The current account surplus is expected to remain solid in 2018, thanks to the surplus in services (11.1% of GDP in 2016), linked with the tourism boom. The goods balance will continue with its large deficit (5.1%), reflecting the vitality of domestic demand, which will not be offset by the growth in exports.
In mid-August 2016, the Minister of Finance announced the gradual lifting of all capital control restrictions that had been imposed in response to the crisis in 2008. This liberalization was completed mid-March 2017, with the removal of the final restrictions on incoming and outgoing capital flows. The country is not expected to experience major capital outflows in so far as it remains attractive thanks to higher interest rates (key interest rate at 4.25%) compared with other developed economies. The central bank’s policy of monetary relaxation is unlikely to change this situation, unless any larger-than-expected interest rate cuts take place. In addition, the large current account surplus will allow further reductions in the external debt (95% of GDP in 2017) and the building of currency reserves, which will remain at a high level (nine months of imports), ensuring a stable return to the liberalization of the capital account.

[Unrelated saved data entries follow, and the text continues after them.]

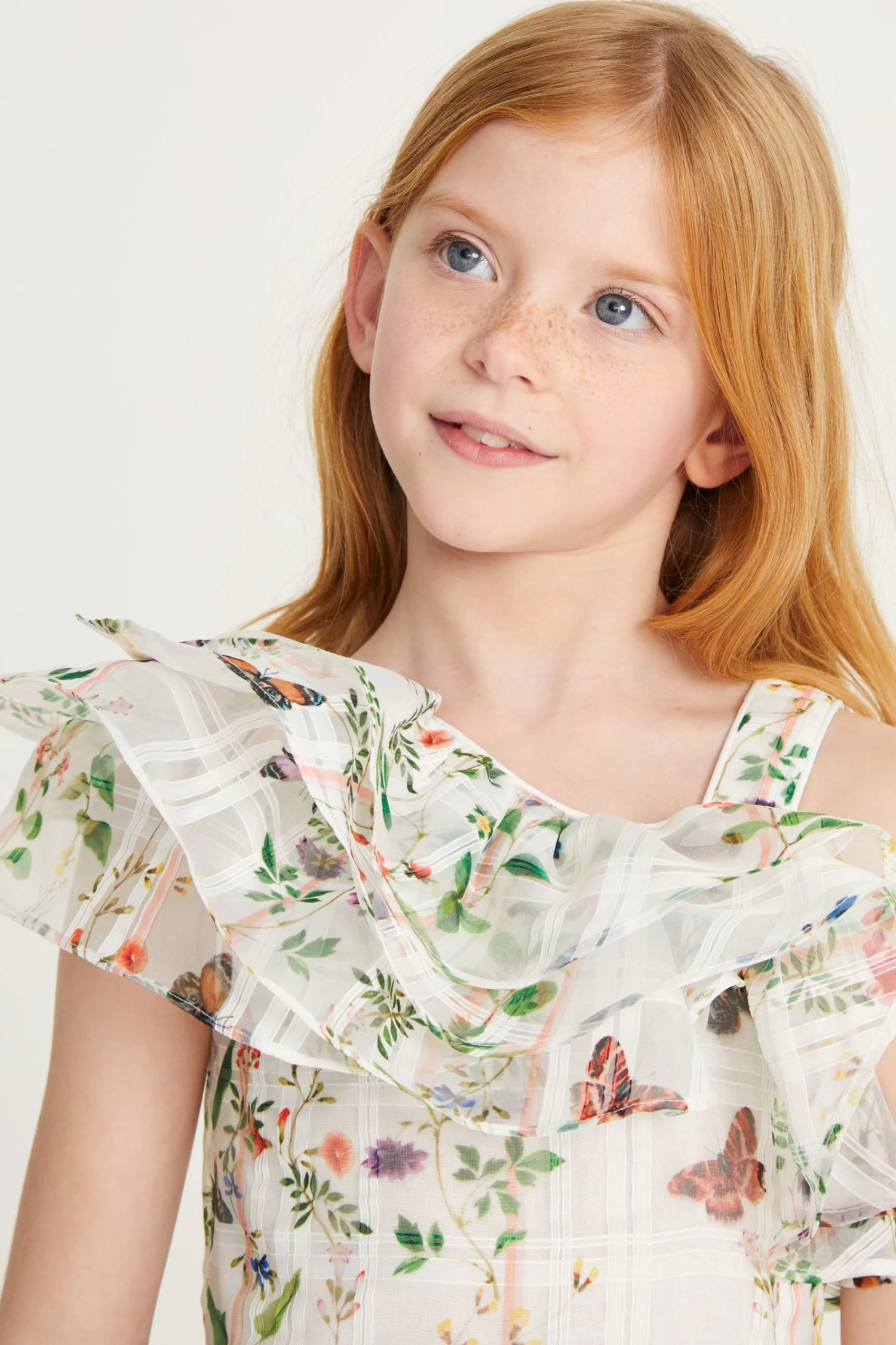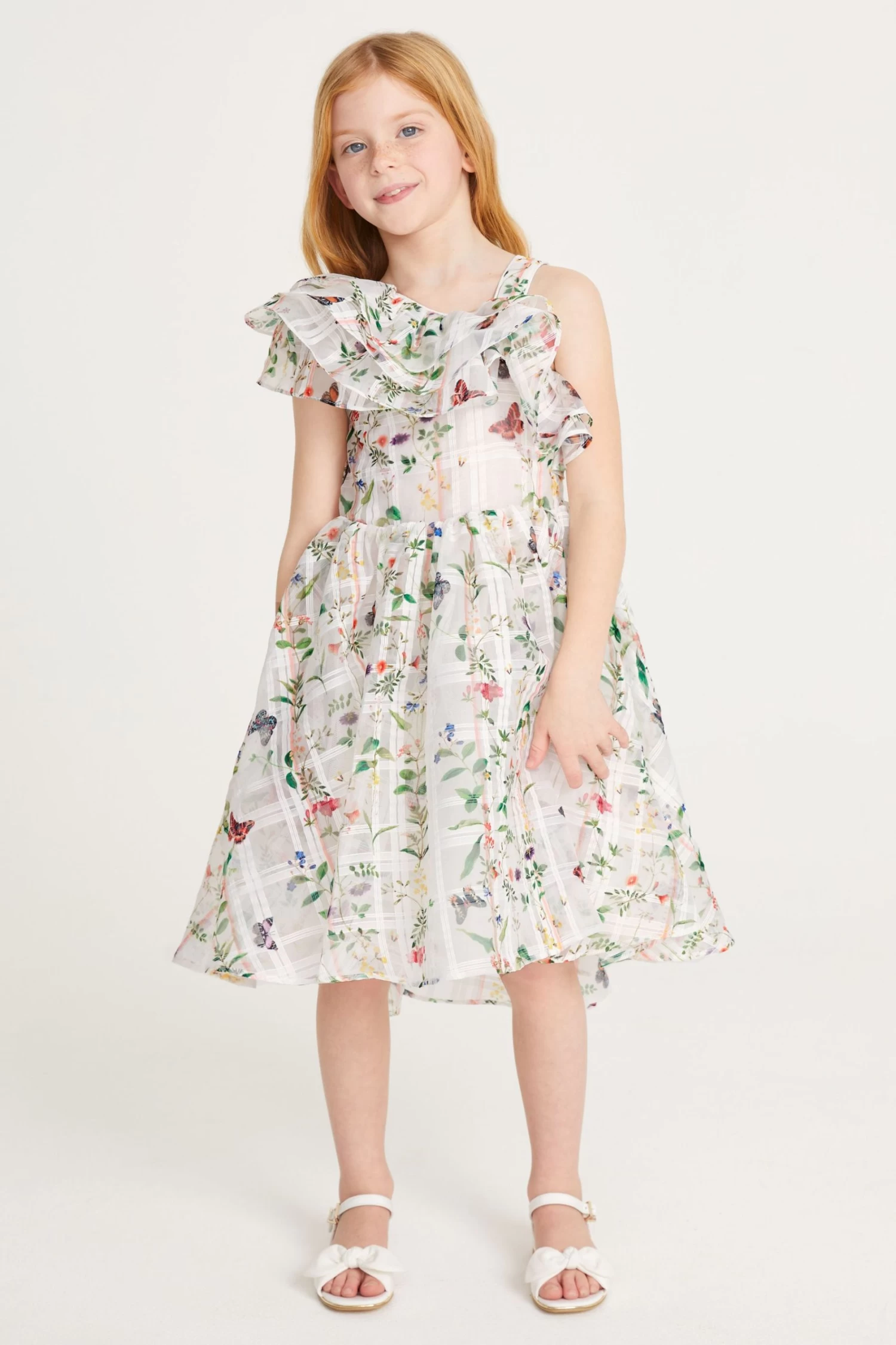 A beautiful dress for your little lady to enjoy wearing time and time again from Baker by Ted Baker. Decorated all over with a delicate floral print, the adorable dress also features a strap detail on one shoulder with a front frill detail on the other that goes across the chest. Made from a lightweight polyester, the dress has a ruffled skirt that will be perfect for twirling.
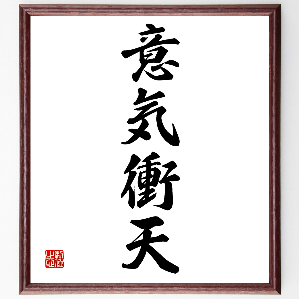 四字熟語「意気衝天」手書き書道色紙額/受注後の毛筆直筆
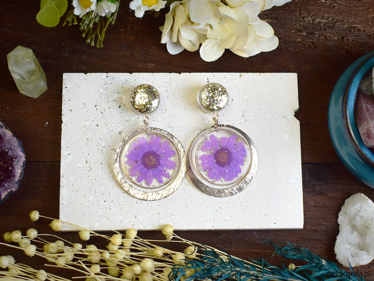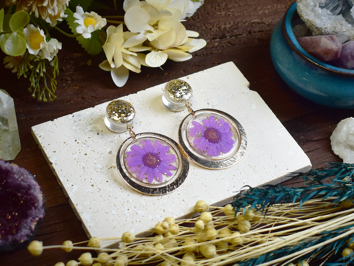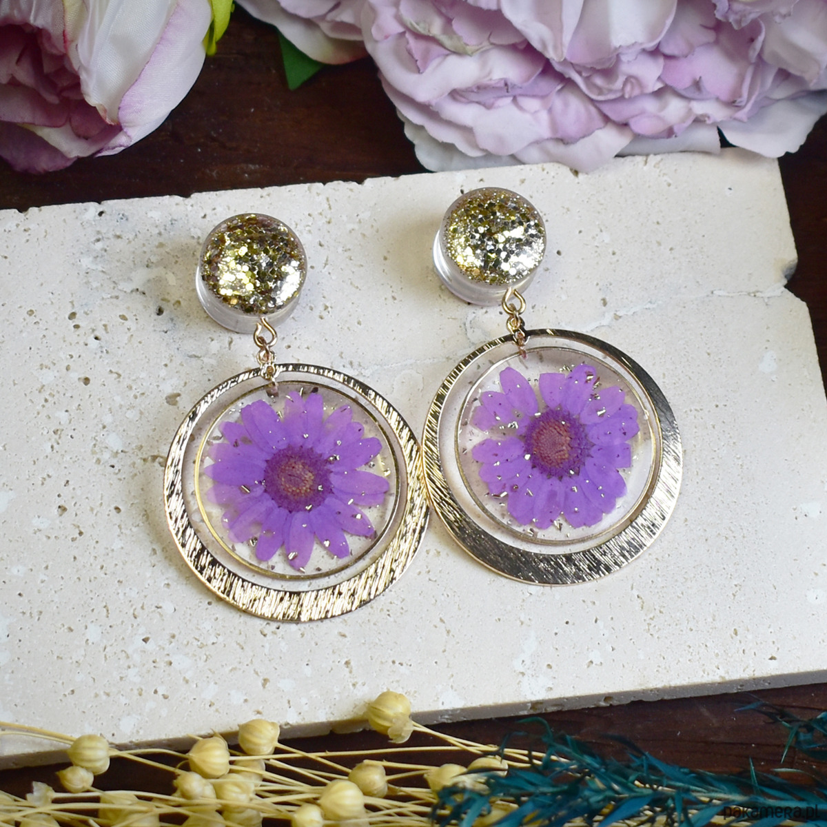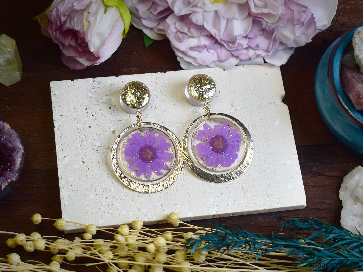 Ręcznie wykonane tunele do uszu z żywicy, w których zatopiono brokat z zawieszkami z kwiatów, tworzą naturalną i subtelną kompozycję. Każda para jest unikatowa, przywołując na myśl letnie łąki i bliskość natury. Zaleca się noszenie tuneli wyłącznie w wygojonych dziurkach, aby zapewnić komfort i ochronę skóry.

Formation of a Heteroclite Government
Following the withdrawal of the Bright Future (BF) party from the governing coalition in September 2017, early elections were called for the following month. Whilst the Independence Party (center-right) received the most votes at 25.3% (16 seats out of 63), President Johannesson asked the Green Party, in second place (11 seats), to form a government. They were initially unable to agree on a coalition with the Social Democrats, the Pirate Party, and the Progressive Party. The coalition that was finally formed was somewhat unusual, consisting of the Green Party, the Independence Party and the Progressive Party. The new government will be led by Katrín Jakobsdóttir, of the Green Party, with the strategic ministries being allocated to the two other parties. The coalition is, however, looking slightly precarious, given how narrow its parliamentary majority is (35 seats out of 63) and bearing in mind the areas of potential disagreement, in particular on fiscal and environmental matters. There has also been further political fragmentation with the Centre Party’s entry into parliament, taking the number of political parties to eight. This fragmentation translates into a high degree of ministerial instability, in a country that has already had three new Prime Ministers since April 2016.